The receiver assembly 16 as depicted in FIG. 1 includes an acoustic signal detector 28 (such as an accelerometer or other sensor, e.g., including a piezoceramic or other electromagnetically active elements, etc.) and electronic circuitry 30 for receiving, recording, processing, interpreting, displaying, and otherwise dealing with the received acoustic signals. These components are well known in the art and are not further described herein.

Referring additionally now to FIG. 2, an enlarged scale view of the downhole portion of the telemetry system 12 is representatively illustrated. In this view it may be clearly seen that the transmitter assembly 14 is positioned external to the pressure-bearing wall 22 of the tubular string 20. The transmitter assembly 14 is not axially inline with any portion of the wall 22, and is not received in any recess or cavity formed in the wall.

Instead, the transmitter assembly 14 is shear coupled to the wall 22, as described more fully below. This unique positioning of the transmitter assembly 14 provides many advantages. For example, the transmitter assembly 14 is not limited to the available cross-sectional area of the wall 22, the transmitter assembly can be used with various sizes of tubular strings, the transmitter assembly can effectively transmit acoustic signal modes other than axial (such as flexural, which is particularly useful for short distance communication), etc.

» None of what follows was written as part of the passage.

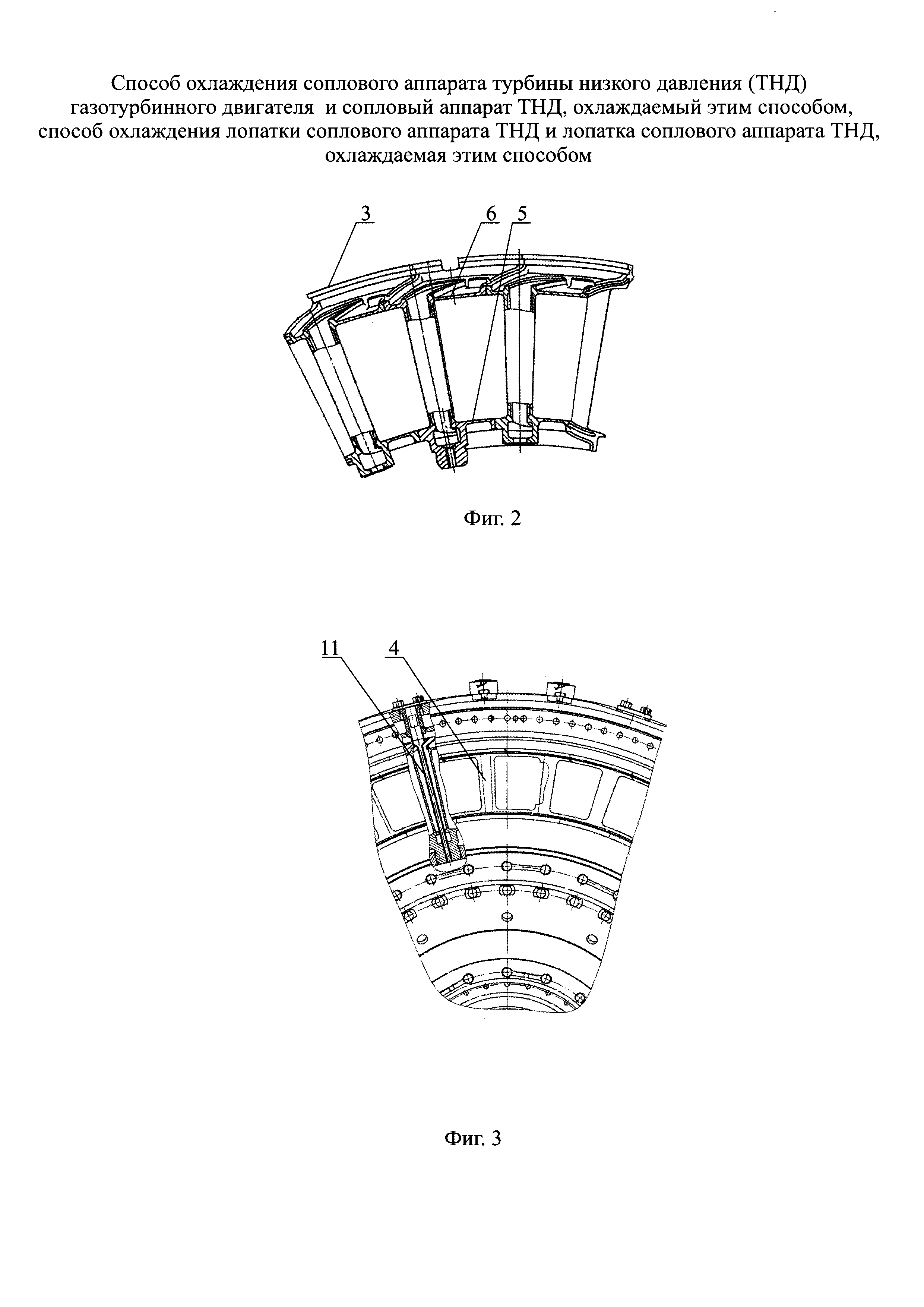 Группа изобретений относится к области авиадвигателестроения, а именно к способу охлаждения соплового аппарата турбины низкого давления газотурбинного двигателя (ГТД) в составе газотурбинной установки газоперекачивающего агрегата. Известен способ охлаждения соплового аппарата охлаждаемой турбины, включающего наружное и внутреннее кольца, сопловые лопатки с опорными полками. Лопатки выполнены с выпуклой и вогнутой стенками пера. Стенки лопатки выполнены с оребрением и содержат дефлекторы с образованием охлаждающих каналов. Охлаждающий дефлектор выполнен с перфорационными отверстиями (Н.Н. Сиротин, А.С.Новиков, А.Г. Пайкин, А.Н. Сиротин. Основы конструирования производства и эксплуатации авиационных газотурбинных двигателей и энергетических установок в системе CALS технологий. Книга 1. Москва. Наука 2011. стр. 547-552). Известен способ охлаждения соплового аппарата охлаждаемой турбины, включающего сопловые лопатки с внутренними полостями, сообщенными с системой охлаждения. В сопловых лопатках размещены дефлекторы. Коллектор канала охлаждения междисковой полости турбин высокого и низкого давления отделен от внутренних полостей сопловых лопаток и соединен с входным коллектором через транзитные трубки, установленные во внутренних полостях лопаток. Сопловые лопатки сгруппированы в блоки. Транзитные трубки установлены по одной на каждый блок (RU 2450142 С1, опубл. 10.05.2012). Известен способ охлаждения соплового аппарата, включающего сопловые лопатки охлаждаемой турбины, выполненные в виде конструктивного элемента, ограниченного верхней и нижней полками. Лопатки выполнены с вогнутой и выпуклой стенками пера, содержат раздаточные полости и дефлекторы с образованием охлаждающих каналов. Стенки лопатки и охлаждающий дефлектор выполнены с перфорационными отверстиями (RU 2514818 С1, опубл. 10.05.2014). К недостаткам известных решений относятся повышенная конструктивная сложность соплового аппарата, недостаточная конструктивная проработанность системы охлаждения наиболее теплонапряженных участков соплового аппарата, неадаптированность конкретно к техническим решениям ГТД газоперекачивающего агрегата, сложность получения компромиссного сочетания повышенных значений КПД и ресурса двигателя с одновременным повышением компактности и снижением материале- и энергоемкости. Задача, решаемая группой изобретений, объединенных единым творческим замыслом, состоит в повышении эффективности охлаждения лопаток соплового аппарата и ротора ТНД стационарного газотурбинного двигателя авиационного типа в составе газоперекачивающих агрегатов для транспортировки газа или в газотурбинной электростанции. Поставленная задача решается тем, что в способе охлаждения соплового аппарата турбины низкого давления (ТНД) газотурбинного двигателя (ГТД) в составе газотурбинной установки (ГТУ) газоперекачивающего агрегата (ГПА), согласно изобретению, сопловый аппарат ТНД подвергают воздушному охлаждению, при этом охлаждающий воздух подают из воздуховоздушного теплообменника (ВВТ) во входной коллектор тракта воздушного охлаждения СА, образованный полым корпусом наружного кольца СА и наделенный не менее чем двумя входными отверстиями, выполненными во внешнем цилиндрическом кольцевом элементе последнего, из входного коллектора не менее половины п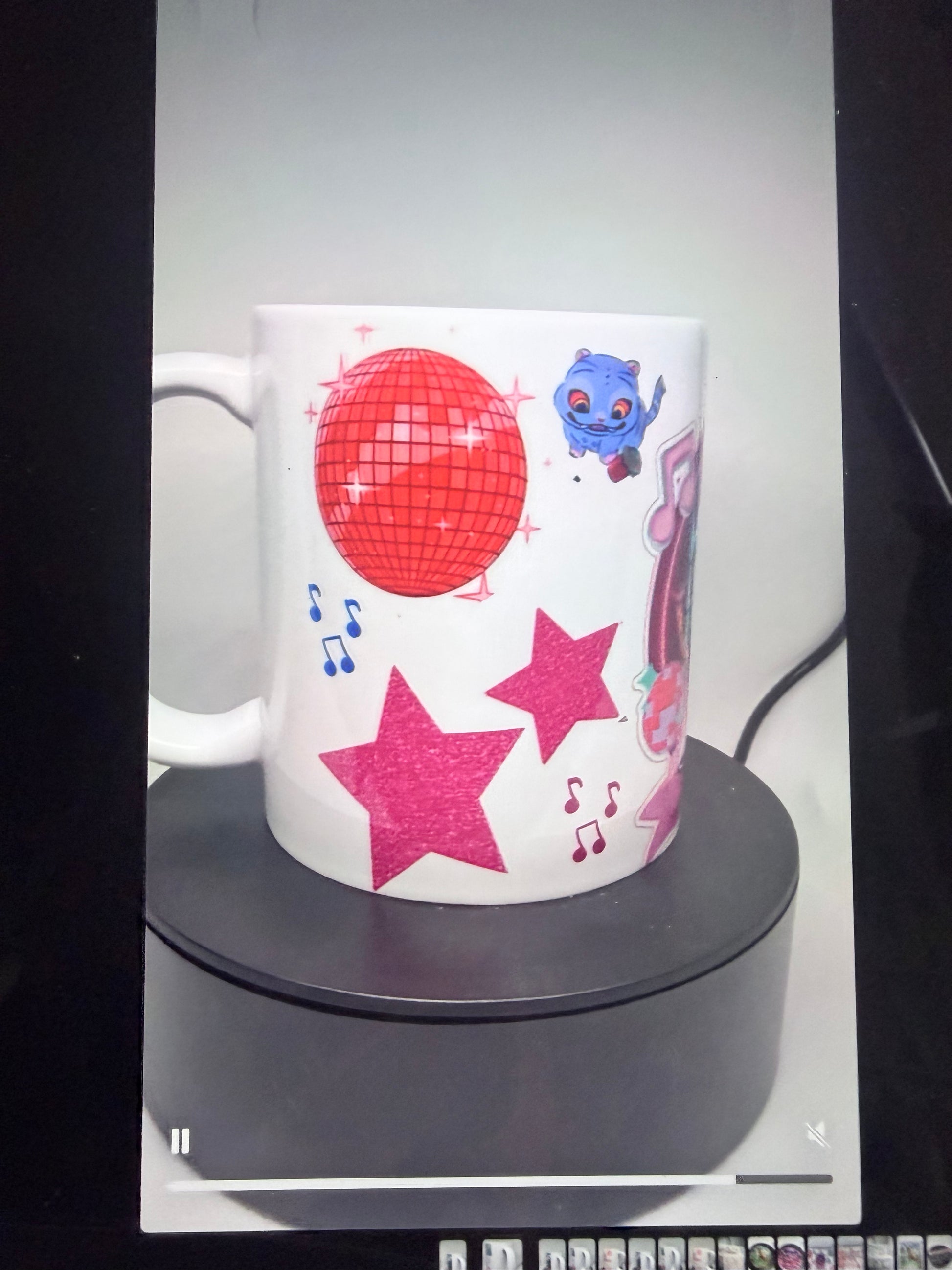 Beautiful and bright k-pop 11oz mug, coaster, face flannel and pen set . Personalised included in the cost . Ideal for a stocking fillers or birthday gift .

As depicted in FIG. 2, the transmitter assembly 14 includes electronic circuitry 32, an acoustic transmitter 34 and a power source 36 (such as a battery or downhole generator, etc.). These components are preferably (but not necessarily) contained within a pressure-bearing housing 38 which is attached to the wall 22 of the tubular string 20.

The electronic circuitry 32 is used for communicating with the device 18 and operating the transmitter 34. The power source 36 is used for supplying electrical power to operate the circuitry 32 and the transmitter 34.

The acoustic transmitter 34 is preferably of the type which includes a stack of piezoceramic or other electromagnetically active elements, as described more fully below. Note that the transmitter 34 is external to the wall 22 of the tubular string 20, and is not concentric with the tubular string.

Referring additionally now to FIG. 3, another cross-sectional view of the downhole portion of the telemetry system 12 is representatively illustrated. In this view it may be seen that the contact between the housing 38 and the wall 22 of the tubular string 20 is only at a single point 40 in transverse cross-section. However, the housing 38 and/or wall 22 could be otherwise configured to provide a larger contact surface area for shear coupling therebetween.

In this view it may again be seen that the transmitter assembly 14 is external to both the wall 22 and an internal flow passage 42 of the tubular string 20. The transmitter assembly 14 could, however, be positioned within the flow passage 42 and remain external to the wall 22.

We can also see from this view that there is a reduced contact area between the transmitter assembly 14 and the wall 22. Acoustic energy travels from the transmitter assembly 14 to the wall 22 through this reduced contact area.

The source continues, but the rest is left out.